Run this on a short cadence (every few minutes) to resolve uncertain attempts. Only after confirming the original attempt didn’t go through is it safe to retry.

This is the recommended pattern only because the Raise spec doesn’t currently document an idempotency-key header that would solve the problem more elegantly. When such a header becomes available, use it instead — it’s a more robust solution than client-side reconciliation.⚠️ Spec gap: No Idempotency-Key header is documented for POST /api/Raise/give. Confirm whether the platform supports one before relying on the client-side reconciliation pattern.

Circuit breakers

For workloads that touch many records, a sustained failure can produce a cascade — many in-flight requests all hitting the same issue, all retrying, all eventually failing. A circuit breaker stops the cascade by short-circuiting requests after a threshold of failures.

A basic circuit breaker

JavaScript

class CircuitBreaker {
  constructor({ failureThreshold = 10, resetTimeoutMs = 60000 }) {
    this.failureThreshold = failureThreshold;
    this.resetTimeoutMs = resetTimeoutMs;
    this.state = 'closed';        // 'closed' | 'open' | 'half-open'
    this.failureCount = 0;
    this.openedAt = null;
  }

  async call(fn) {
    if (this.state === 'open') {
      if (Date.now() - this.openedAt > this.resetTimeoutMs) {
        this.state = 'half-open';
      } else {
        throw new CircuitBreakerOpenError('Circuit breaker is open');
      }
    }

    try {
      const result = await fn();
      if (this.state === 'half-open') {
        // Success after half-open — close the circuit
        this.state = 'closed';
        this.failureCount = 0;
      }
      return result;
    } catch (err) {
      this.failureCount++;
      if (this.failureCount >= this.failureThreshold) {
        this.state = 'open';
        this.openedAt = Date.now();
      }
      throw err;
    }
  }
}

Use one circuit breaker per logical operation (per-endpoint, per-customer, or per-destination) so a failure in one doesn’t disrupt others:

JavaScript

const breakers = new Map();

function getBreaker(key) {
  if (!breakers.has(key)) {
    breakers.set(key, new CircuitBreaker({ failureThreshold: 10, resetTimeoutMs: 60000 }));
  }
  return breakers.get(key);
}

async function callRaise(url, options, breakerKey) {
  return getBreaker(breakerKey).call(() => callWithRetry(url, options));
}

When the breaker opens, in-flight requests fail fast rather than producing further retries. After the reset timeout, the breaker tentatively allows a few requests through (“half-open”). If they succeed, the breaker closes; if not, it stays open.
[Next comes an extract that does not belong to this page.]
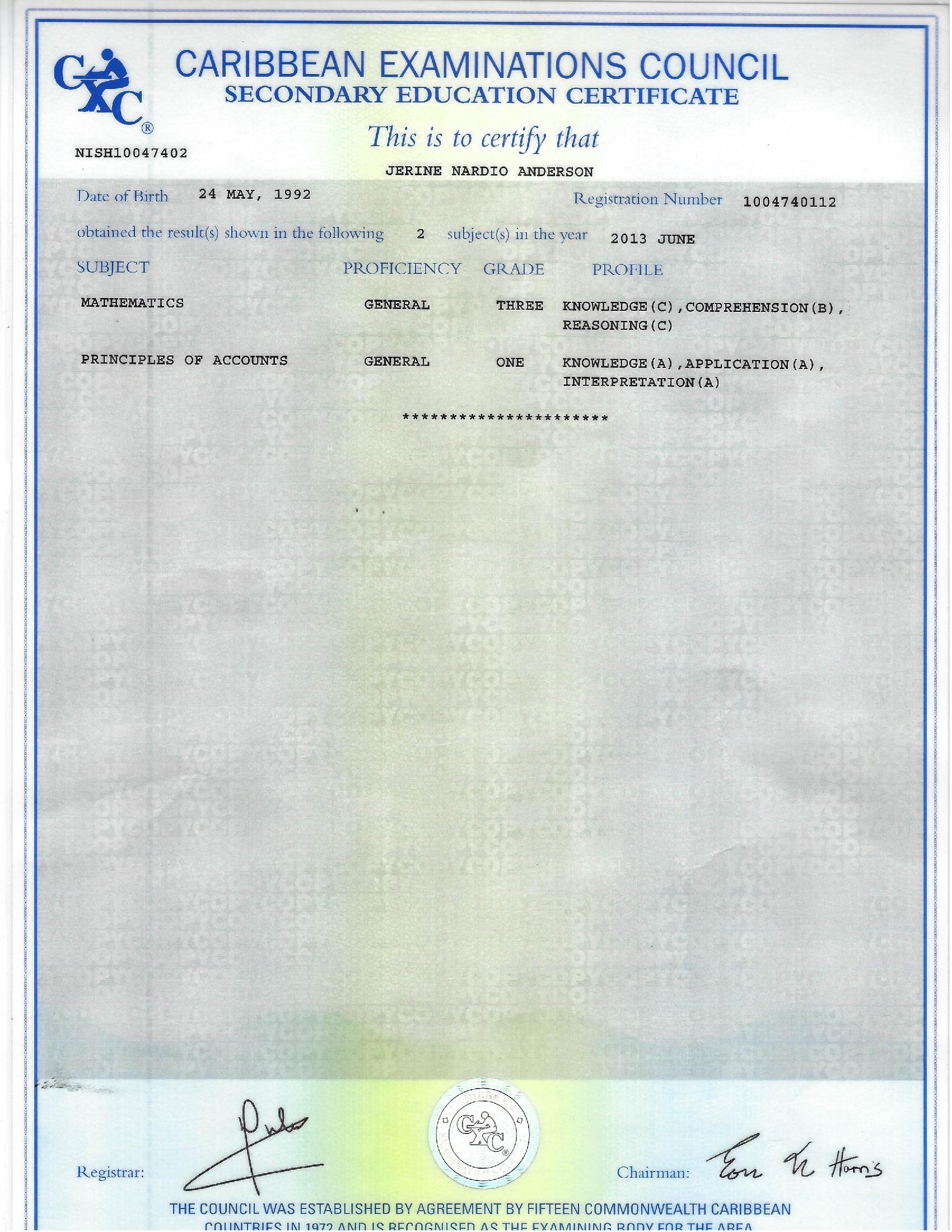 I attended Jonathan Grant High School and graduated with Seven CSEC Passes.

When to use circuit breakers

Use a breaker	Don’t bother
Operations that produce many concurrent requests (bulk syncs, parallel reads)	Single-request workflows (one-off API calls)
Operations that hit shared downstream resources	Operations against many independent endpoints
Operations that are expensive to retry (payment processing)	Operations that are cheap and idempotent

For partner integrations operating at scale (hundreds of customers, thousands of requests per minute), circuit breakers prevent localized issues from cascading into widespread degradation.

Dead-letter queues

When all retries fail, the operation can’t continue. Two options: drop it silently (bad — lost work) or move it to a dead-letter queue for human review (good).

A dead-letter pattern

CREATE TABLE dead_letter_queue (
  id BIGSERIAL PRIMARY KEY,
  customer_id TEXT NOT NULL,
  operation_type TEXT NOT NULL,
  operation_payload JSONB NOT NULL,
  last_error TEXT NOT NULL,
  last_error_status INTEGER,
  attempts INTEGER NOT NULL,
  first_attempted_at TIMESTAMPTZ NOT NULL,
  last_attempted_at TIMESTAMPTZ NOT NULL,
  resolved_at TIMESTAMPTZ,
  resolution TEXT
);

The flow:

Operation fails permanently or exhausts retries

A 400 validation error, a sustained 5xx, or a network error that doesn’t recover.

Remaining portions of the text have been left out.